To be sure, Franken skewers his targets, a habit which has contributed to his reputation as a raging left-winger. The Wall Street Journal has reported that Franken’s politics “neatly mirror” those of the “liberal base.” There’s a misperception at work here that conflates blunt opposition to the Republican right with left-wing beliefs. As a confessed Bush hater who’s not enamored with the left, I’m a fellow victim of this confusion. Franken is actually a moderate who initially favored the Iraq war and has praised the centrist Democratic Leadership Council.

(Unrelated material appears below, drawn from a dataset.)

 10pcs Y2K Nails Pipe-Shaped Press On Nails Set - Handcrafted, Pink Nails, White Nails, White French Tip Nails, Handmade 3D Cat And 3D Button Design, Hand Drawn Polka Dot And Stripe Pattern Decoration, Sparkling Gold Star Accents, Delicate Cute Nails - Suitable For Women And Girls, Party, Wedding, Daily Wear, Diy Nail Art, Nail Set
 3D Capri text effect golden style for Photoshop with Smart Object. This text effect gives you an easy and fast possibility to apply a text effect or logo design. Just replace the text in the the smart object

Indeed, what Franken reveals of himself in Rush Limbaugh Is a Big Fat Idiot confounds a lot of blue-state-elitist stereotypes. Franken recounts having said a prayer for George H.W. Bush upon his election, defending Bob Dole’s honor to a European journalist, and making multiple overseas trips to entertain American troops. The Franken persona is best summed up by the instance when, upon hearing National Review Editor Rich Lowry claim that liberals had sissified politics, Franken challenged Lowry to a fistfight. When Lowry refused, they met for an amiable lunch. If, say, Jim Webb did this sort of thing, it would be seen as rough-hewn, populist authenticity.

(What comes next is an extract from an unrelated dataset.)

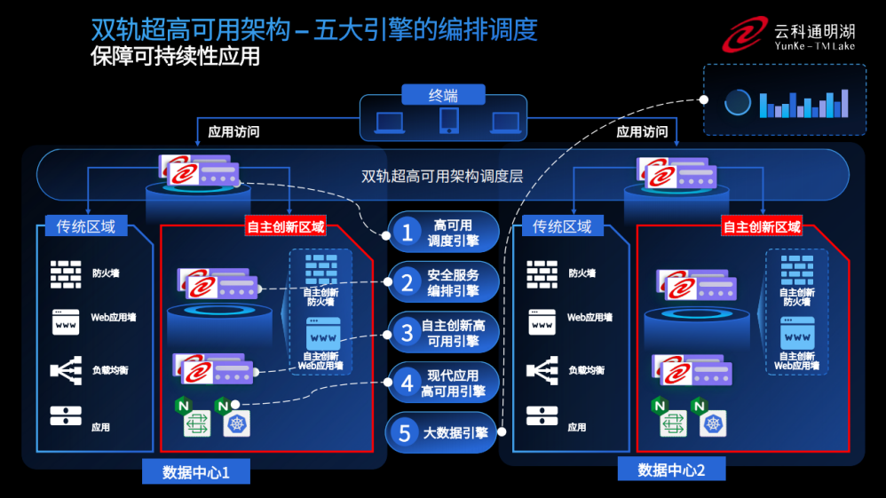 为实现双轨超高可用架构信创区和非信创区的跨域协同,实现信创区域和非信创区域的平滑过渡,神州3044永利通过五大引擎实现多层次的应用可持续性。

Normally, a politician’s self-depiction should be considered self-serving fluff unless proven otherwise. But the book predates any hints of his interest in elective office. What’s more, it’s so stuffed with impolitic statements that it’s unimaginable that Franken could have contemplated ever running for office when he wrote it. He pokes fun at Christianity (“[W]ill someone explain to me how Jesus can be both the son of God and also God?”), calls Ted Kennedy “bloated,” and casually admits that “I’d make a terrible politician.”

The most surprising thing about Franken’s oeuvre is that, as good a satirist as he is, he’s clearly smarter than he is funny. Dave Barry once famously defined a sense of humor as a “measurement of the extent to which we realize that we are trapped in a world almost totally devoid of reason.” Franken has an infinite faith in the power of reason. Time and again, he tries to present his adversaries with detailed rebuttals and gets nowhere. One book has a small moment of triumph, in which he badgers House budget committee Chairman John Kasich into admitting that Republicans were employing a misleading measure of their plans to cut Medicare. “I took a few victory laps around the table,” he writes. Franken doesn’t write, however, that Kasich and his fellow Republicans continued to brandish the misleading statistic anyway.

I would guess that Franken is running for the Senate because he thinks he will have moments like these, when the superior force of his reason will carry the day. I have never seen or heard of a successful politician who thinks like this. I can’t imagine he’ll find politics anything but a crushing disappointment. But I’m eager to see him try.